[GIVEN ENTRIES]
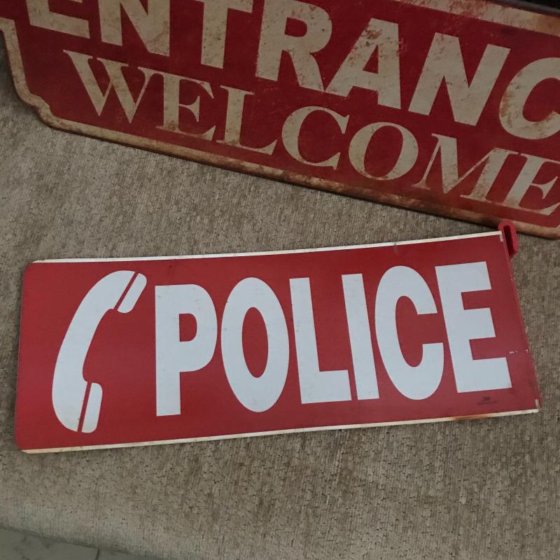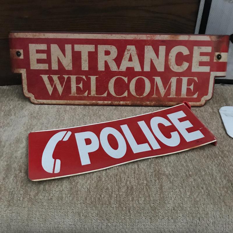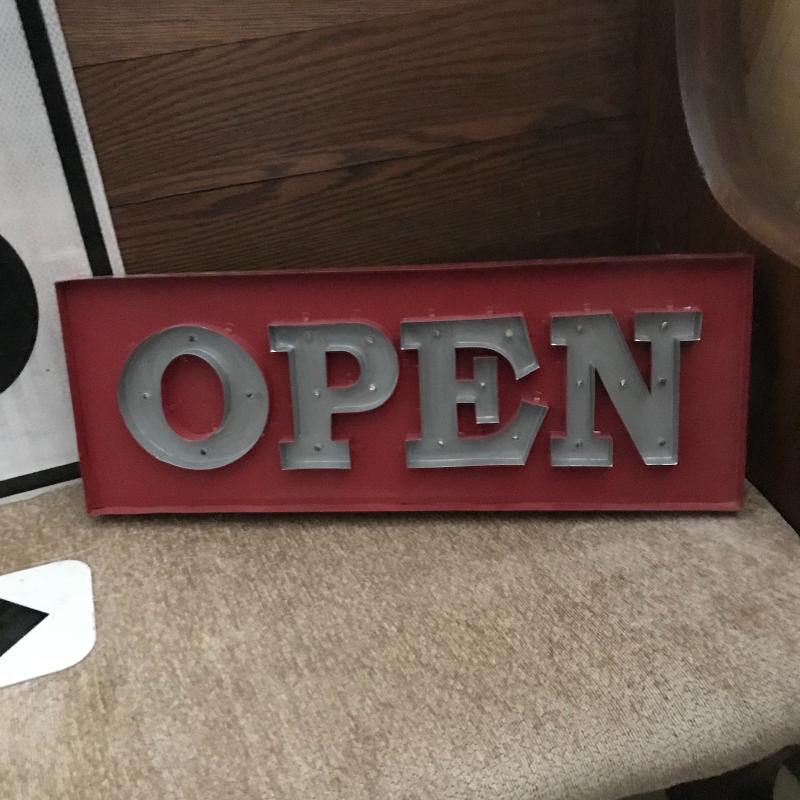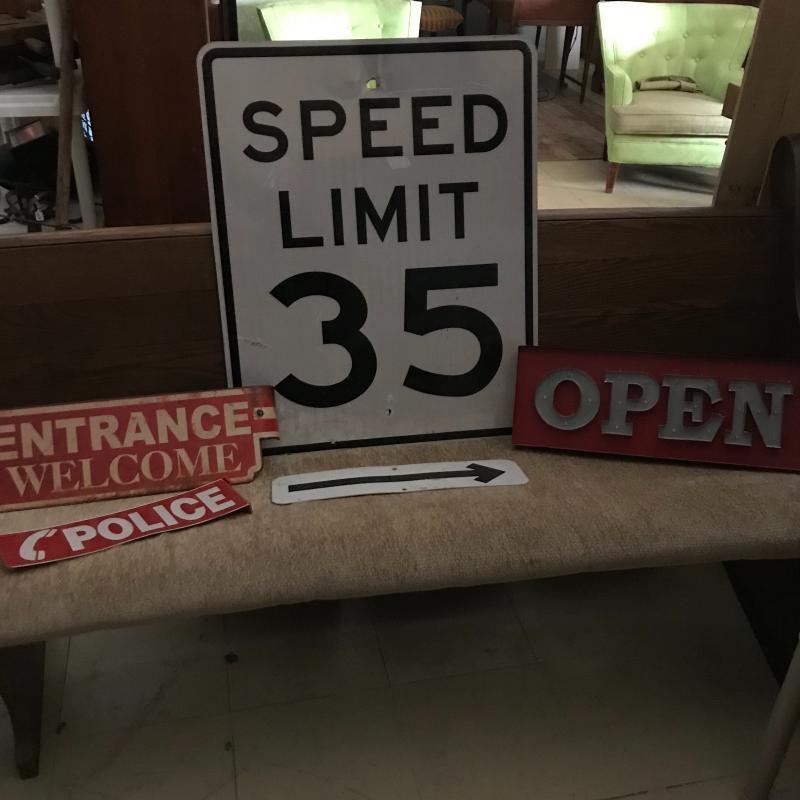 5 signs, all metal but one (police sign is plastic). Open sign takes batteries and has a switch. Cannot verify whether it works. Speed Limit sign measures 30” x 24”. Lot is available for local pick up in Maggie Valley, NC only.
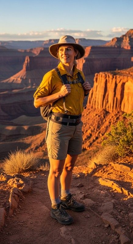 This mustard breathable safari shirt brings adventure-ready style to the trail with moisture-wicking fabric, roll-up sleeves, and multiple pockets for organized storage of trail essentials. The relaxed fit allows easy movement and layering while the button-front design enables ventilation adjustment as temperatures fluctuate throughout your hike. Paired with khaki hiking shorts featuring a supportive waistband and secure pockets, this outfit balances explorer aesthetics with modern performance technology. The shorts’ quick-dry fabric handles sweat and weather while the gusseted crotch prevents binding during high steps and technical terrain. Mustard yellow is warm and earthy, complementing natural landscapes while showing less dirt than lighter colors during muddy trail sections. This adventurous combination is perfect for multi-day hikes, backpacking trips, or any expedition where style and function must work together.
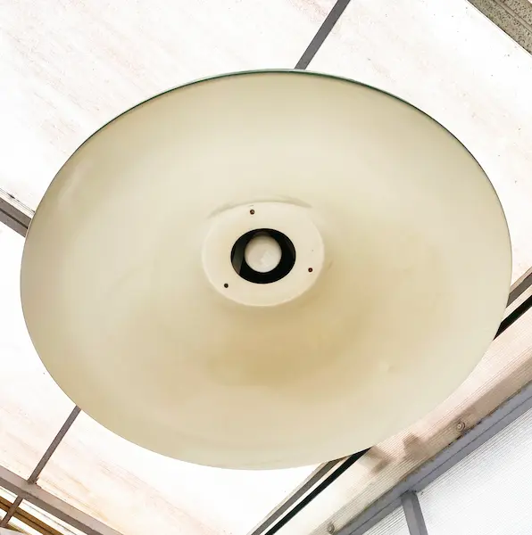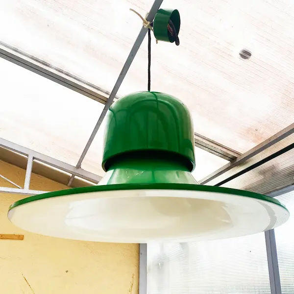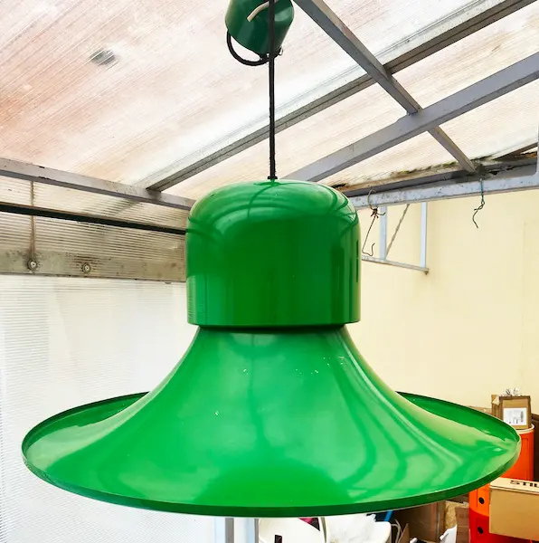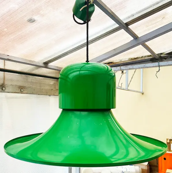Suspension design vintage Campana / The Hat (Stilnovo, 1960s). Luminaire Pop Art vert, métal souvent attribué à Joe Colombo. Ajoutez une pièce iconique des années 60/70 à votre intérieur. Dimensions : Ø 64 cm, H. 32,6 cm.
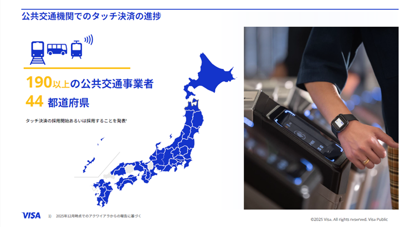 小売業だけではなく、公共交通においても大きな影響を及ぼしているそうだ。ここ1年で、日本の公共交通機関におけるタッチ決済の普及が急速に進んでおり、導入または導入予定の交通事業者の数は、現在では44都道府県で190を超えた。
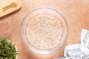 После хорошо промойте крупу несколько раз до прозрачности. Откиньте на сито, дайте стечь лишней жидкости.
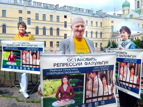 二零一九年七月二十日,在圣彼得堡中共总领馆前举办了多小时的单人抗议接力活动。来自乌法市的一对年轻夫妇第一次听说法轮功学员因信仰遭受迫害。他们对共产党当局的行为表示愤慨,并且支持学员的活动。在详细了解了法轮功是一种祛病健身有奇效的气功后,表示也很想学炼,回家后仔细阅读资料。
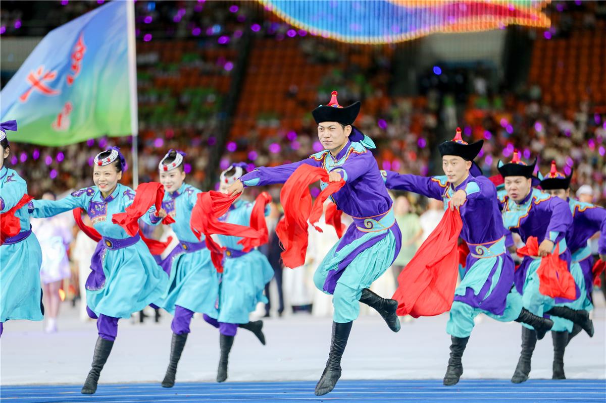 7月30日,内蒙古自治区第十一届少数民族传统体育运动会民族大联欢在赤峰市举行。
[/GIVEN ENTRIES]
▶ _TASK OBJECTIVE_: If a record contains a picture, leave the picture out and retype everything else exactly.

▶ _SOLVED EXERCISE_:
 5 signs, all metal but one (police sign is plastic). Open sign takes batteries and has a switch. Cannot verify whether it works. Speed Limit sign measures 30” x 24”. Lot is available for local pick up in Maggie Valley, NC only.
 This mustard breathable safari shirt brings adventure-ready style to the trail with moisture-wicking fabric, roll-up sleeves, and multiple pockets for organized storage of trail essentials. The relaxed fit allows easy movement and layering while the button-front design enables ventilation adjustment as temperatures fluctuate throughout your hike. Paired with khaki hiking shorts featuring a supportive waistband and secure pockets, this outfit balances explorer aesthetics with modern performance technology. The shorts’ quick-dry fabric handles sweat and weather while the gusseted crotch prevents binding during high steps and technical terrain. Mustard yellow is warm and earthy, complementing natural landscapes while showing less dirt than lighter colors during muddy trail sections. This adventurous combination is perfect for multi-day hikes, backpacking trips, or any expedition where style and function must work together.
Suspension design vintage Campana / The Hat (Stilnovo, 1960s). Luminaire Pop Art vert, métal souvent attribué à Joe Colombo. Ajoutez une pièce iconique des années 60/70 à votre intérieur. Dimensions : Ø 64 cm, H. 32,6 cm.
 小売業だけではなく、公共交通においても大きな影響を及ぼしているそうだ。ここ1年で、日本の公共交通機関におけるタッチ決済の普及が急速に進んでおり、導入または導入予定の交通事業者の数は、現在では44都道府県で190を超えた。
 После хорошо промойте крупу несколько раз до прозрачности. Откиньте на сито, дайте стечь лишней жидкости.
 二零一九年七月二十日,在圣彼得堡中共总领馆前举办了多小时的单人抗议接力活动。来自乌法市的一对年轻夫妇第一次听说法轮功学员因信仰遭受迫害。他们对共产党当局的行为表示愤慨,并且支持学员的活动。在详细了解了法轮功是一种祛病健身有奇效的气功后,表示也很想学炼,回家后仔细阅读资料。
 7月30日,内蒙古自治区第十一届少数民族传统体育运动会民族大联欢在赤峰市举行。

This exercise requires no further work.